Cristina Rodilla ^1,2 Gonzalo Núñez Moreno ^1,2,3 Yolanda Benitez ^1,3 Raquel Romero ^1,2,3 Lidia Fernández-Caballero ^1,2* Pablo Minguez ^1,2,3 Marta Corton ^1,2* Carmen Ayuso ^1,2*

• ¹ Department of Genetics & Genomics, Health Research Institute Foundation Jimenez Diaz (IIS-FJD), Madrid, Spain
• ² Center for Biomedical Network Research on Rare Diseases (CIBERER), Madrid, Spain
• ³ Bioinformatics Unit, Health Research Institute Foundation Jimenez Diaz (IIS-FJD), Madrid, Spain

Long-read sequencing (LRS) enables accurate structural variant detection and variant phasing. When a molecular diagnosis is suspected, employing target enrichment can reduce the cost and duration of sequencing.

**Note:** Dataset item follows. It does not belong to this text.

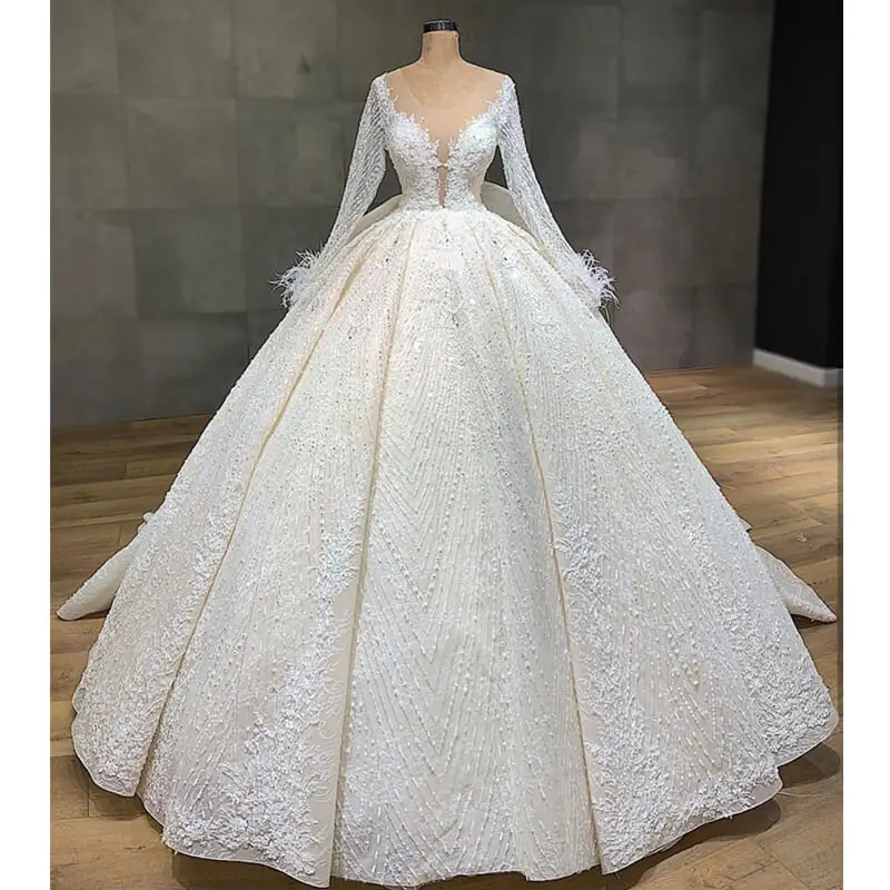 Addition Information of Vestidos De Novia Illusion Long Sleeve Ball Gown Wedding Dress Luxury Beading Appliques Wedding Gowns Ruffles Back Bride Dress

LRS was conducted in five inherited retinal dystrophies (IRD) patients harboring a monoallelic variant in RPE65 that remained uncharacterized after clinical exome sequencing (CES). CRISPR-Cas9 guide RNA probes were designed to target a 31 kb region including the entire RPE65 locus. DNA was sequenced on a MinION platform. For 5 patients, short-read 30x whole genome sequencing (WGS) was performed to validate nanopore results. The nanopore sequencing process yielded a median of 271 reads within the targeted region, with a 109 mean depth and a median read size of 8 kb. All identified variants by CES have been detected using this approach, no additional RPE65 gene causative variants were found. Nanopore variant detection demonstrated performance akin to short read WGS at similar coverage levels, although exhibiting increased false positive calls at lower coverage. In this study, we explore the advantages of using a targeted approach together with long-read sequencing for identifying variants associated with IRD. The results underscore the utility of targeted long reads for the characterization of patients affected by rare diseases when first-tier diagnostic test are non-conclusive.